The coverage dispute arises from legal malpractice claims that had been filed against Jeffrey Daniels, who was insured under a professional liability policy issued by American Guaranty & Liability Insurance. The insurer denied that it had a duty to defend Daniels. Daniels defaulted on the underlying claim, resulting in the entry of a default judgment against him. The claimant in the underlying claim then sought to enforce the judgment against the insurer. The insurer asserted that the loss was not covered, relying on two exclusions which it contended precluded coverage. Litigation ensured and the coverage dispute ultimately made its way to the New York Court of Appeals.
As discussed here, in June 2013, the New York Court of Appeals held that having breached its duty to defend, the insurer could not rely on other grounds to contest the duty to indemnify. The Court said that “an insurance company that has disclaimed its duty to defend may litigate only the validity of its disclaimer.” If, the Court said, “the disclaimer is found bad, the insurance company must indemnify the resulting judgment even if policy exclusions would otherwise have negated the duty to indemnify.”
As Joe Monteleone noted on his D&O E&O Monitor Blog (here), the June 2013 decision created confusion in the courts – owing the decision’s apparent conflict with existing New York case law — and left insurers uncertain how to proceed. As discussed in the Kaufman Dolowich memo linked above, the decision also emboldened some policyholders to argue that a breach of the duty to defend stripped an insurer of all rights under the Policy.
Arguing that the June 2013 opinion failed to address existing New York Court of Appeals precedent, the insurer filed a motion for re-argument. Several amici joined the request. The Court agreed to re-hear the case, which was re-argued in January 2014.

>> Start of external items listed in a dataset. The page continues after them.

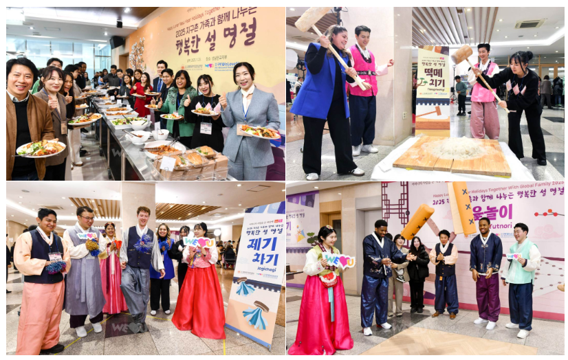 이후 위러브유 회원들이 정성껏 준비한 오찬과 다양한 한국문화체험 프로그램이 진행됐다. 떡국, 갈비, 잡채, 산적 등 갖가지 명절 음식으로 풍성히 차려낸 명절 상이 모두를 맞이했다. 오손도손 담소를 나누며 식사를 마친 참석자들은 떡메치기, 연 만들기, 제기차기, 윷놀이 등 다채로운 체험 부스를 즐겼다. 한복체험존도 인기를 끌었다. 외국인 이웃들은 각자 마음에 드는 한복을 골라 입고 서로의 모습을 사진과 영상으로 남기며 추억을 만들었다. 웃음 소리와 떡메 치는 소리가 한데 어울려 흥겨운 명절 분위기를 더했다.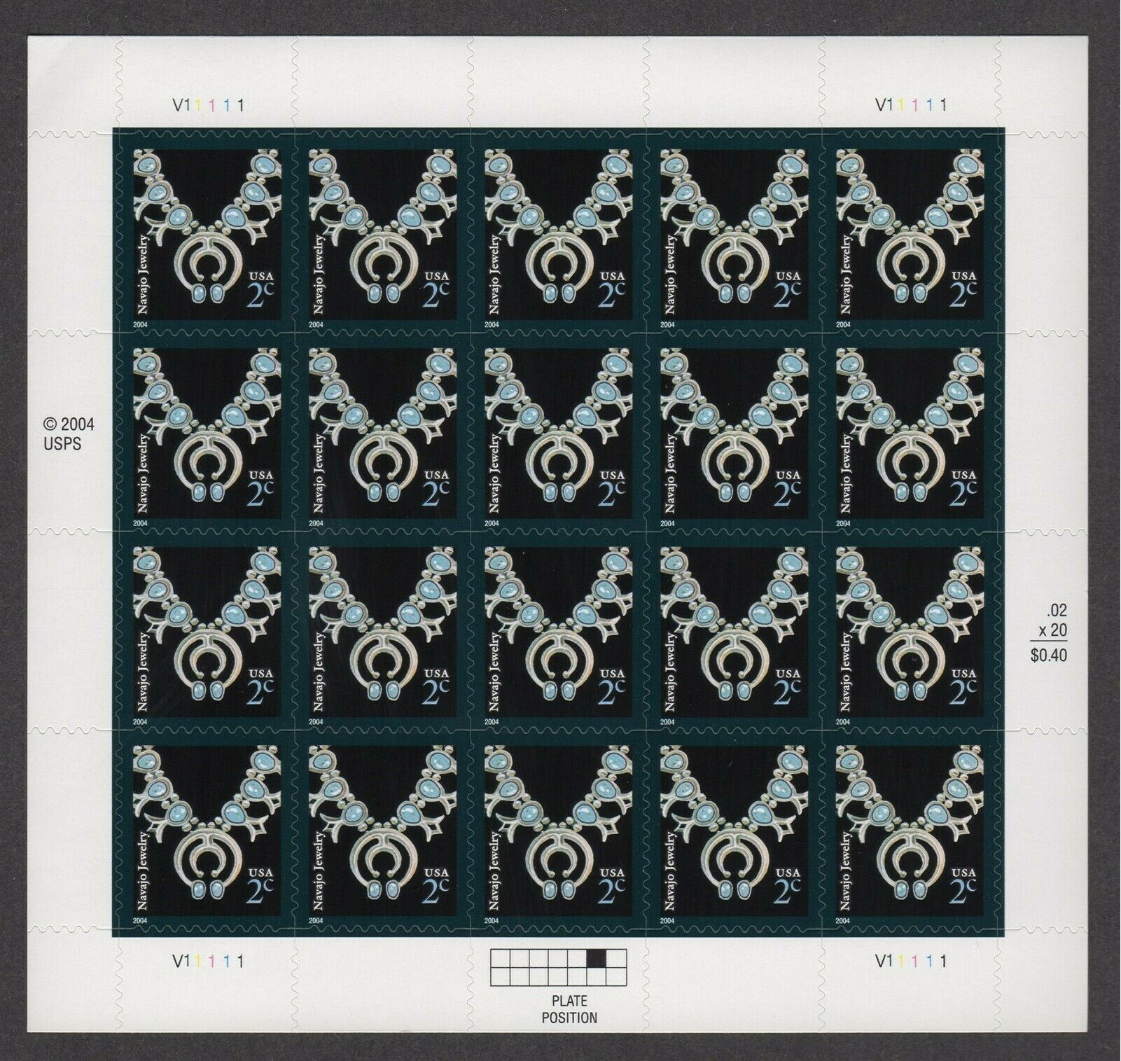Navajo Jewelry Sheet of Twenty 2 Cent Postage Stamps Scott 3750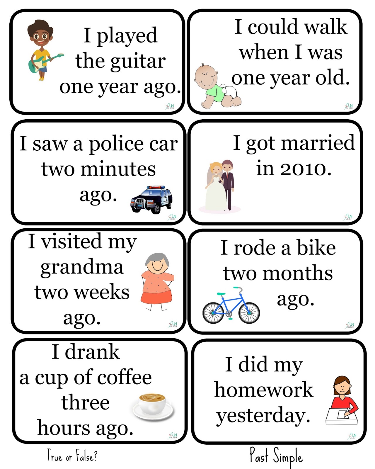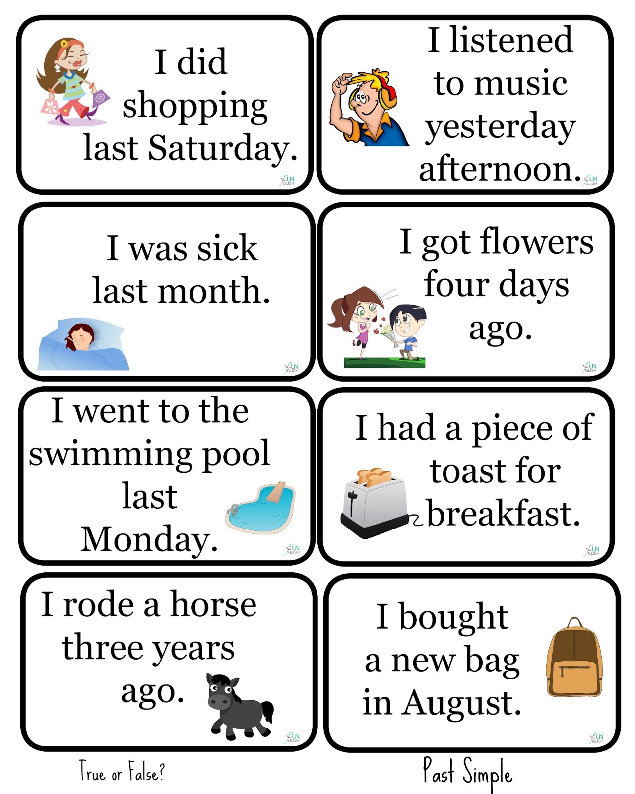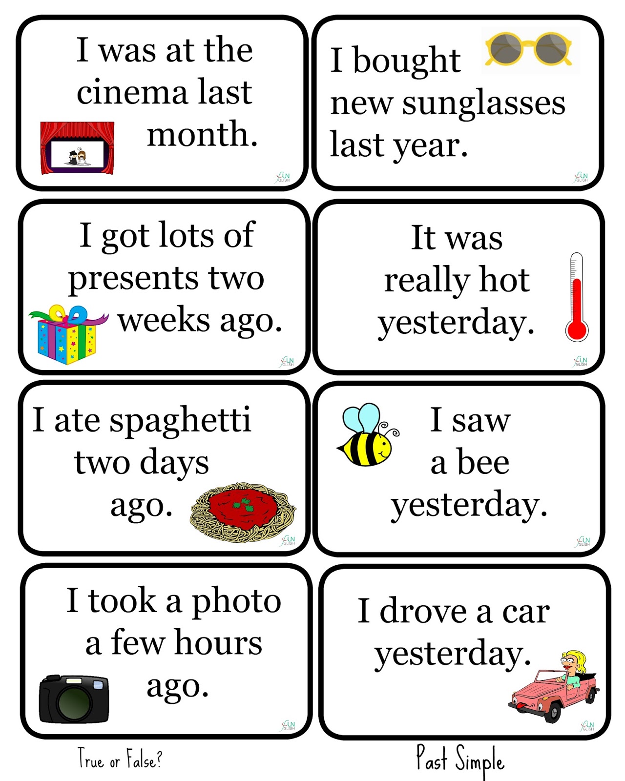 Np. Uczeń bierze kartę „I ate spaghetti two weeks ago.” i mówi „It’s true. I ate spaghetti two weeks ago.” lub „It’s false. I didn’t eat spaghetti two weeks ago. I ate spaghetti yesterday.”

In a February 14, 2014 majority opinion written by Judge Robert Smith (who had written the initial opinion in the case in June 2013), the Court held that the earlier opinion in the case “cannot be reconciled” with the Court’s 1985 opinion in the Servidone case, which held that the breach of the duty to defend “does not create coverage” and thus does not prohibit an insurer from relying on applicable policy exclusions. The Court concluded that there was no reason to overrule the Servidone case. Recognizing principles of stare decisis, he Court said that
When our court decides a question of insurance law, insurers and insureds alike should ordinarily be entitled to assume that the decision will remain unchanged unless or until the legislature decides otherwise. In other words, the rule of stare decisis, while it is not inexorable, is strong enough to govern this case.
The Court’s June 2013 opinion in the K2 Investment Group case had been highly criticized by insurer advocates for breaking from existing precedent. For example, in a June 13, 2013 post on its Insurance Law Blog (here), the Traub Lieberman firm said that the Court of Appeals June 2013 opinion in this case “announced a new rule” and that previously “New York courts at both the state and the federal level consistently rejected the notion that by having breached a duty to defend, an insurer is estopped from relying on coverage defenses for purposes of contesting an indemnity obligation.” The June 2013 decision, the law firm memo says, “departs from this long-established jurisprudence.”
The Court of Appeals February 2014, then, eliminates this apparent departure from the established jurisprudence. As the Tressler law firm put it in the memo linked above, if the Court had not overturned its earliler decision, insurers “would have been stuck with a very unsettled landscape on insurance law in New York.”
While the Court of Appeals decisions eliminates a ruling that insurers had found objectionable, it nevertheless continues to be a good idea for carriers to file a declaratory judgment action when taking the position that they have no duty to defend. The Court of Appeals quoted an earlier case stating that insurers are “well advised” to file a declaratory judgment action in those circumstances, which, the Court noted, “continues to be sound advice.”